INFORMATION SUPPLIED
****
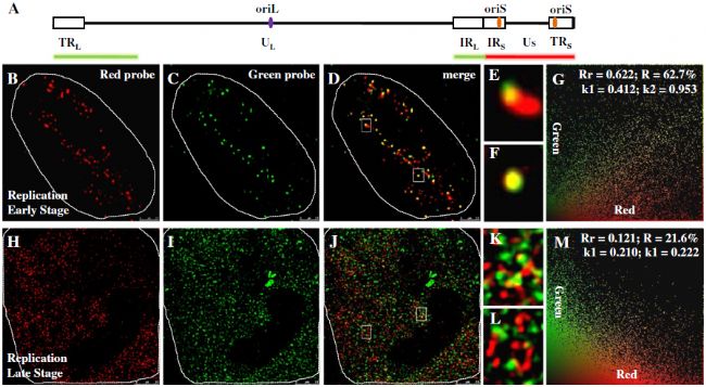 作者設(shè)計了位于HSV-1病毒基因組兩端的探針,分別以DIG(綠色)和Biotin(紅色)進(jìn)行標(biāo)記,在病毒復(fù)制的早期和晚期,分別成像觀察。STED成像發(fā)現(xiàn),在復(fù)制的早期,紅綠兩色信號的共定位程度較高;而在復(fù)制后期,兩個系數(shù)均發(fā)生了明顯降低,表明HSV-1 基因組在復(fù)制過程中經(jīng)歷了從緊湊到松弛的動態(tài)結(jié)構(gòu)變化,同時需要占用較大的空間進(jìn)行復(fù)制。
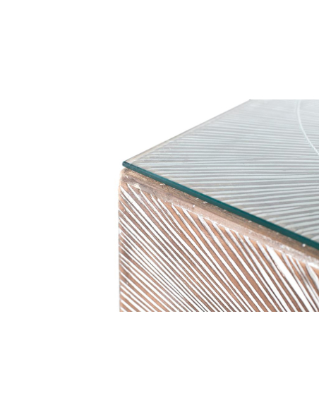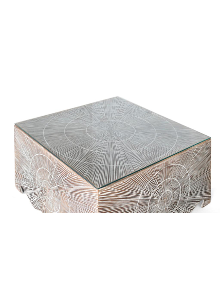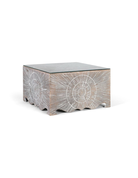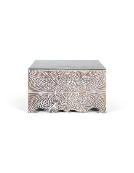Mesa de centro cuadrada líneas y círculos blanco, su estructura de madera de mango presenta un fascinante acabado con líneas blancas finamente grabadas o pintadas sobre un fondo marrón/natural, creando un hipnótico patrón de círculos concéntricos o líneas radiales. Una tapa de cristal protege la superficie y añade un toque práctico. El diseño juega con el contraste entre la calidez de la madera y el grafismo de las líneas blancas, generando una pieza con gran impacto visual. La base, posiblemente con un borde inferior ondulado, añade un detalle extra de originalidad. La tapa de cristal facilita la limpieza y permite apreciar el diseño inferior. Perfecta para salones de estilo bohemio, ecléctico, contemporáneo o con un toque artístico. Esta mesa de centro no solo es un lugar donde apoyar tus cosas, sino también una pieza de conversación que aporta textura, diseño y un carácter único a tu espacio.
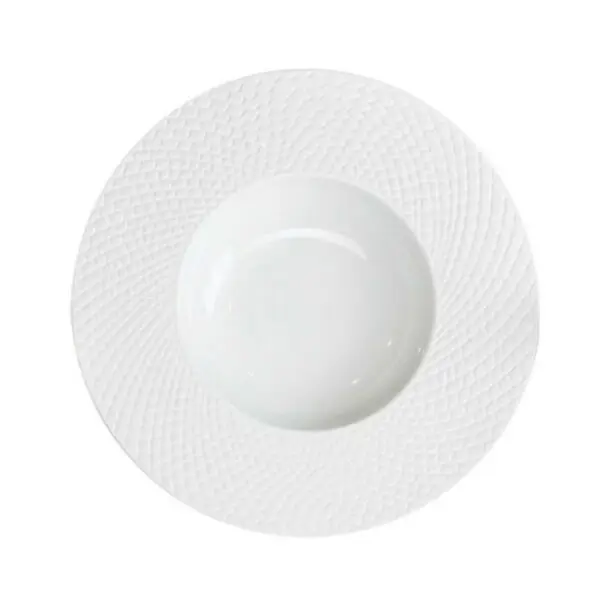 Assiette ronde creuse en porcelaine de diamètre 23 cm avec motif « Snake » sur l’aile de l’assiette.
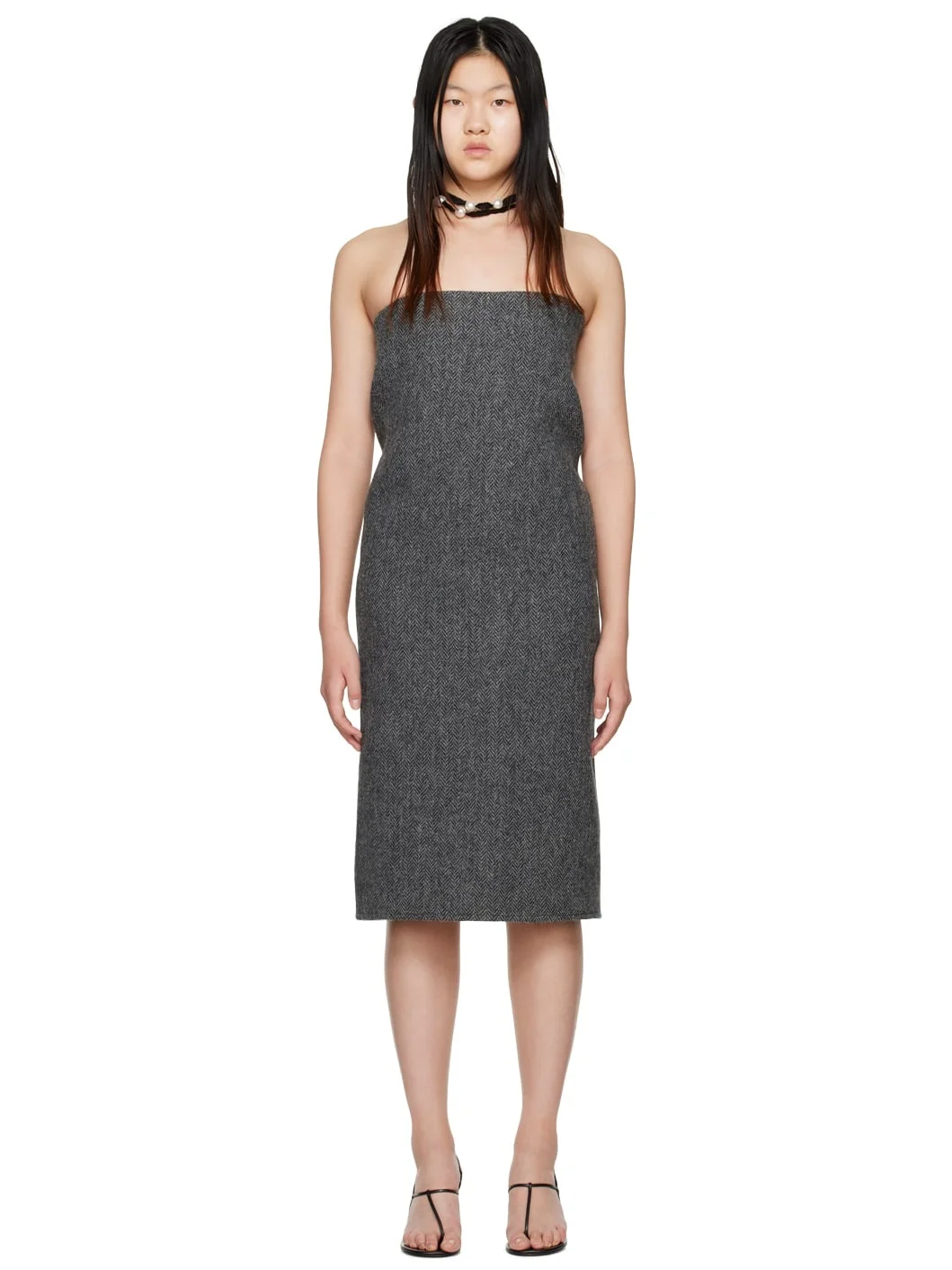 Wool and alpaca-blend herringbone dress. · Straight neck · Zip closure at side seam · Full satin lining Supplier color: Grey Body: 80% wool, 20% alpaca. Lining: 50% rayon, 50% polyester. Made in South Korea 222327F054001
****
WHAT YOU HAVE TO DO
Copy the data precisely. Skip every picture.

WRITTEN RESPONSE
 作者設(shè)計了位于HSV-1病毒基因組兩端的探針,分別以DIG(綠色)和Biotin(紅色)進(jìn)行標(biāo)記,在病毒復(fù)制的早期和晚期,分別成像觀察。STED成像發(fā)現(xiàn),在復(fù)制的早期,紅綠兩色信號的共定位程度較高;而在復(fù)制后期,兩個系數(shù)均發(fā)生了明顯降低,表明HSV-1 基因組在復(fù)制過程中經(jīng)歷了從緊湊到松弛的動態(tài)結(jié)構(gòu)變化,同時需要占用較大的空間進(jìn)行復(fù)制。
Mesa de centro cuadrada líneas y círculos blanco, su estructura de madera de mango presenta un fascinante acabado con líneas blancas finamente grabadas o pintadas sobre un fondo marrón/natural, creando un hipnótico patrón de círculos concéntricos o líneas radiales. Una tapa de cristal protege la superficie y añade un toque práctico. El diseño juega con el contraste entre la calidez de la madera y el grafismo de las líneas blancas, generando una pieza con gran impacto visual. La base, posiblemente con un borde inferior ondulado, añade un detalle extra de originalidad. La tapa de cristal facilita la limpieza y permite apreciar el diseño inferior. Perfecta para salones de estilo bohemio, ecléctico, contemporáneo o con un toque artístico. Esta mesa de centro no solo es un lugar donde apoyar tus cosas, sino también una pieza de conversación que aporta textura, diseño y un carácter único a tu espacio.
 Assiette ronde creuse en porcelaine de diamètre 23 cm avec motif « Snake » sur l’aile de l’assiette.
 Wool and alpaca-blend herringbone dress. · Straight neck · Zip closure at side seam · Full satin lining Supplier color: Grey Body: 80% wool, 20% alpaca. Lining: 50% rayon, 50% polyester. Made in South Korea 222327F054001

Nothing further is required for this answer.